▶ **About this task**: Give the data again exactly as written, without any of its pictures.

[Records from a data source]

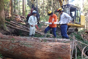 今回は、伐倒木それぞれについて、形状や品質から最適と思われる採材を時間を掛けて入念に検討しましたが、実際の作業では、丸太の切断は、アタッチメントにソーチェーンを取り付けた「プロセッサ」といった重機により行うことが多いことから、重機の操縦席から、また、短時間に適切な採材を検討して実行する必要があります。今後は、採材の検討をより効率的に行っていくため、オペレータが伐倒木の形状や品質を把握する技術の向上や、これを助ける機械の開発等について、素材生産者等と意見交換を進めていきたいと考えています。
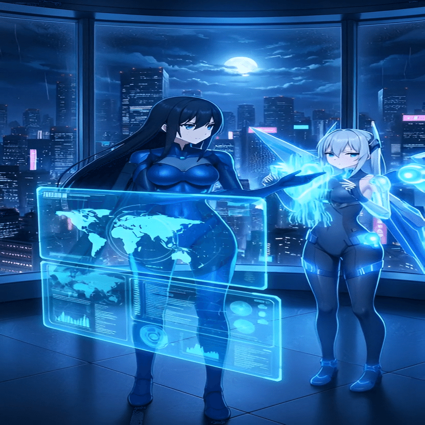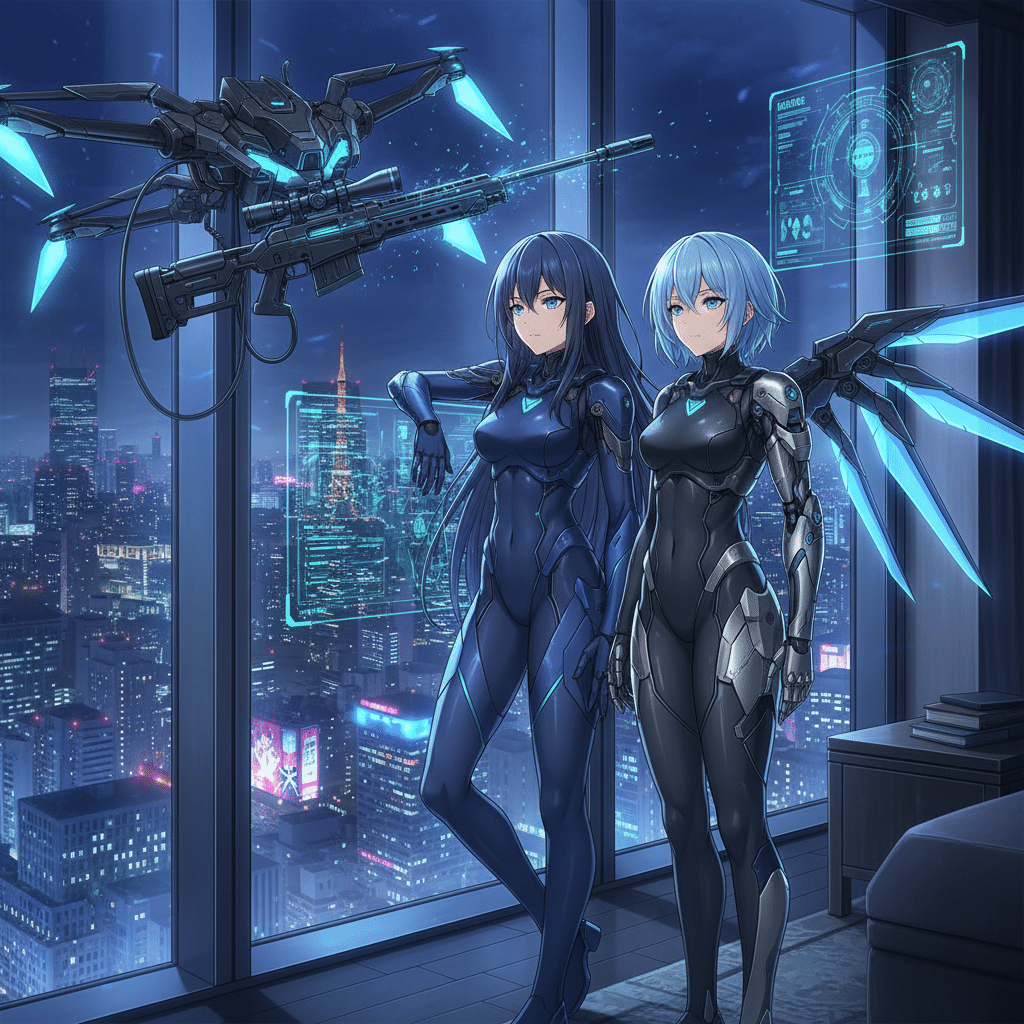 都内の高層ビル最上階、豪華なペントハウス。天海葵は、損傷した『アクアストライカー』を専門のメンテナンスドローンに預け、ガラス張りの窓から新宿の夜景を見下ろしていた。隣には、ボディにわずかな傷を負った蒼井凛が、無言で立つ。「…まさか、闇音に不意を突かれるとはね。通信ユニットを破壊されるとは、私の『ブルースキャン』もまだ完璧ではないか」葵は、自嘲気味に呟いた。「マスターの予測は、常に99パーセントの正確さです」凛が、機械的な声で答える。「残りの1パーセントを埋めるのが、私の役割です」葵は、ふと、緋村茜の顔を思い出した。かつての親友。「茜…あの熱血漢は、相変わらずね。私の獲物を横取りされたと怒り狂っていた」凛はデータに基づいて情報を提示した。「緋村茜は、マスターにとって友情決裂の因縁。しかし、データ上では協力関係を築く可能性も0.03パーセント存在します」「0.03パーセント?ほとんどゼロじゃない」葵は苦笑した。彼女の脳裏には、過去の茜との思い出が蘇る。共に訓練に励み、語り合った日々。だが、今はもう、全てが壊れてしまった。「静寂を裂く一閃…」彼女たちのテーマは、静かで冷徹な一撃。しかし、その心の中には、かつての友情への複雑な感情が渦巻いていた。「最終フェーズの準備を始めなさい、凛」葵は、再び冷徹な表情に戻った。「次は、いかなる予測不能な事態にも対応できるよう、万全を期すわ」『静寂を裂く一閃』。彼らの一撃は、次の舞台で、何を切り裂き、何を明らかにするのか。紫チームの隠れ家
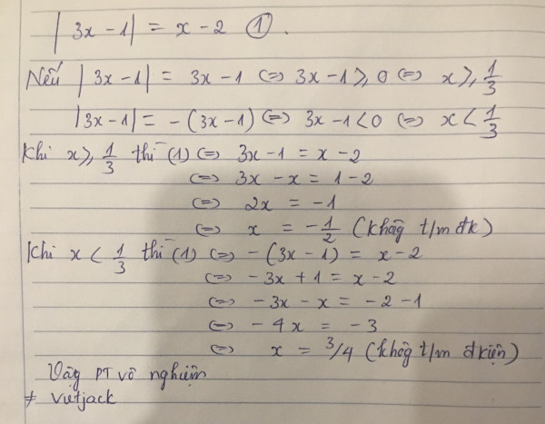 Thử lại thấy hai nghiệm trên đều không thỏa mãn vậy phương trình vô nghiệm
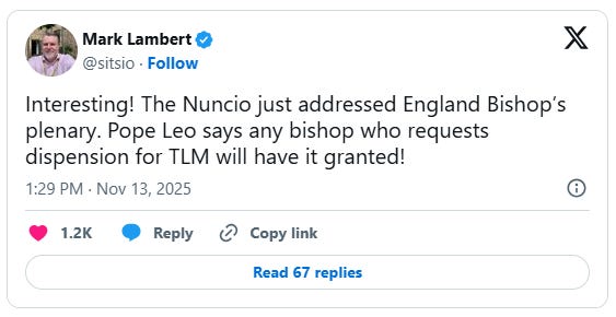 November 13, 2025 - The announcement that the Vatican, under Pope Leo XIV, will approve any and all requests for dispensation from article 3§2 of the Motu Proprio Traditionis Custodes, so that Mass according to the ‘Missale Romanum’ of 1962 may be celebrated.
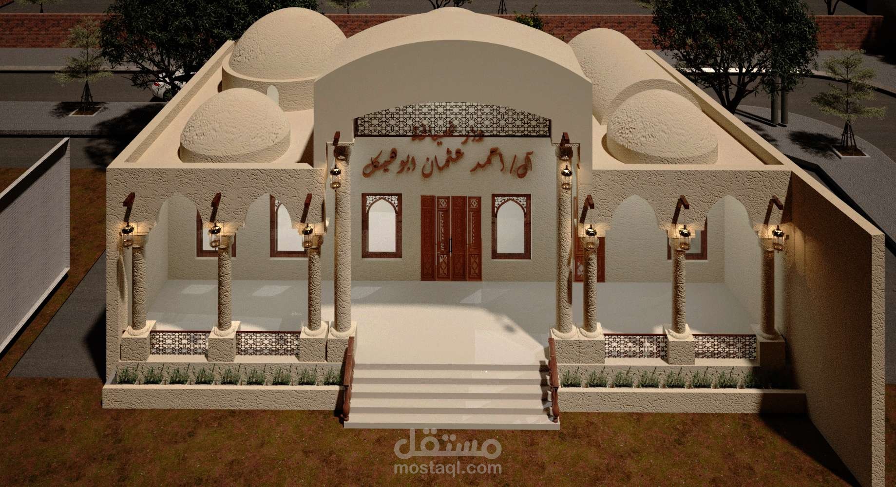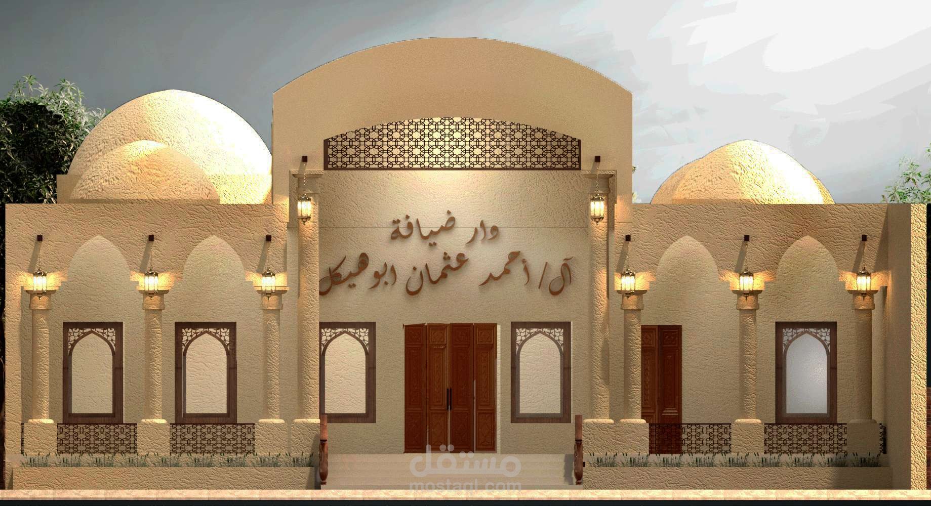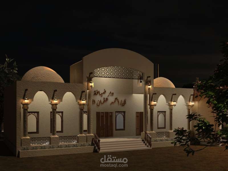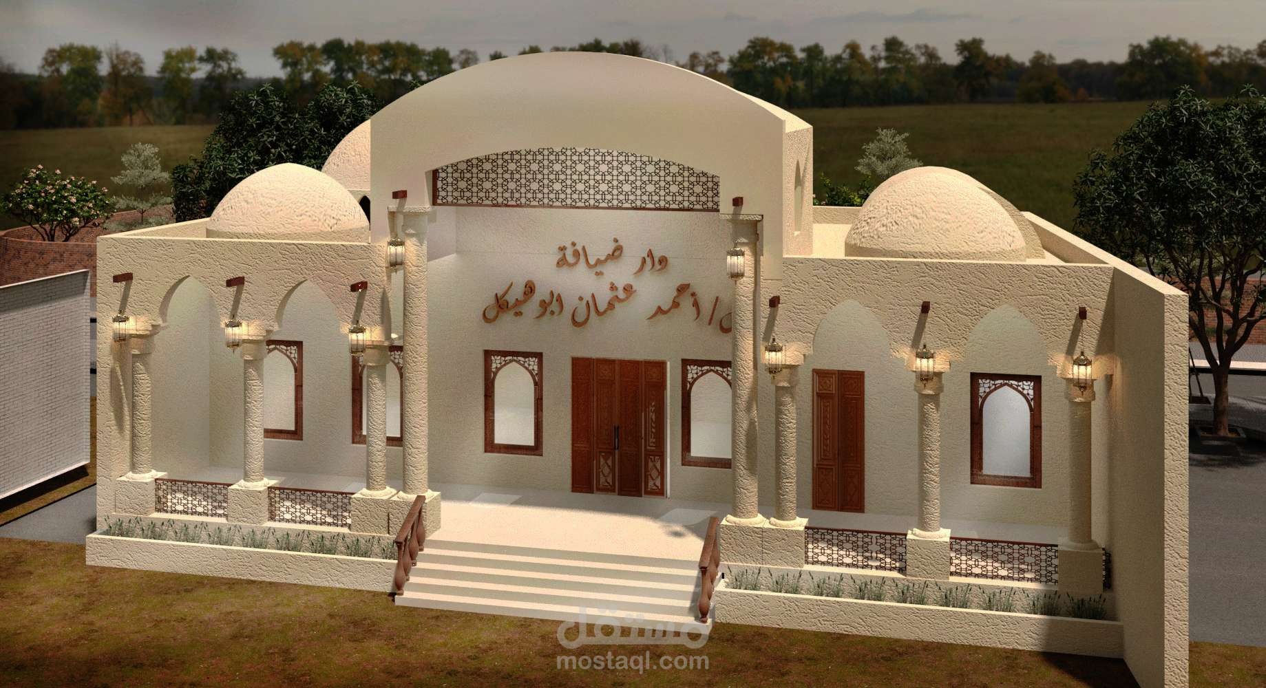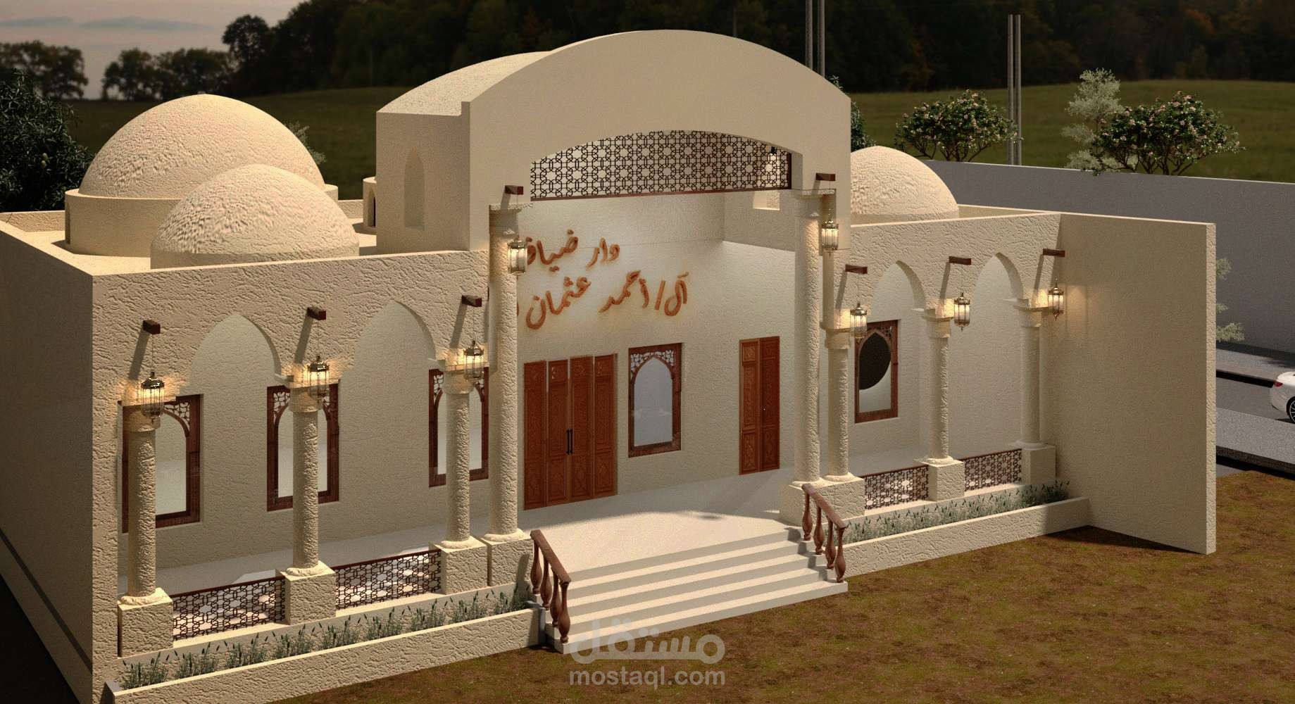 The guest house in Assiut DESINED in a Islamic traditional Egyptian-style building with a beige and brown color scheme. It has a distinct architectural style with domes, arches, and intricate detailing. The building exudes a sense of history and cultural heritage.

▶ **Finished exercise**:
 今回は、伐倒木それぞれについて、形状や品質から最適と思われる採材を時間を掛けて入念に検討しましたが、実際の作業では、丸太の切断は、アタッチメントにソーチェーンを取り付けた「プロセッサ」といった重機により行うことが多いことから、重機の操縦席から、また、短時間に適切な採材を検討して実行する必要があります。今後は、採材の検討をより効率的に行っていくため、オペレータが伐倒木の形状や品質を把握する技術の向上や、これを助ける機械の開発等について、素材生産者等と意見交換を進めていきたいと考えています。
 都内の高層ビル最上階、豪華なペントハウス。天海葵は、損傷した『アクアストライカー』を専門のメンテナンスドローンに預け、ガラス張りの窓から新宿の夜景を見下ろしていた。隣には、ボディにわずかな傷を負った蒼井凛が、無言で立つ。「…まさか、闇音に不意を突かれるとはね。通信ユニットを破壊されるとは、私の『ブルースキャン』もまだ完璧ではないか」葵は、自嘲気味に呟いた。「マスターの予測は、常に99パーセントの正確さです」凛が、機械的な声で答える。「残りの1パーセントを埋めるのが、私の役割です」葵は、ふと、緋村茜の顔を思い出した。かつての親友。「茜…あの熱血漢は、相変わらずね。私の獲物を横取りされたと怒り狂っていた」凛はデータに基づいて情報を提示した。「緋村茜は、マスターにとって友情決裂の因縁。しかし、データ上では協力関係を築く可能性も0.03パーセント存在します」「0.03パーセント?ほとんどゼロじゃない」葵は苦笑した。彼女の脳裏には、過去の茜との思い出が蘇る。共に訓練に励み、語り合った日々。だが、今はもう、全てが壊れてしまった。「静寂を裂く一閃…」彼女たちのテーマは、静かで冷徹な一撃。しかし、その心の中には、かつての友情への複雑な感情が渦巻いていた。「最終フェーズの準備を始めなさい、凛」葵は、再び冷徹な表情に戻った。「次は、いかなる予測不能な事態にも対応できるよう、万全を期すわ」『静寂を裂く一閃』。彼らの一撃は、次の舞台で、何を切り裂き、何を明らかにするのか。紫チームの隠れ家
 Thử lại thấy hai nghiệm trên đều không thỏa mãn vậy phương trình vô nghiệm
 November 13, 2025 - The announcement that the Vatican, under Pope Leo XIV, will approve any and all requests for dispensation from article 3§2 of the Motu Proprio Traditionis Custodes, so that Mass according to the ‘Missale Romanum’ of 1962 may be celebrated.
 The guest house in Assiut DESINED in a Islamic traditional Egyptian-style building with a beige and brown color scheme. It has a distinct architectural style with domes, arches, and intricate detailing. The building exudes a sense of history and cultural heritage.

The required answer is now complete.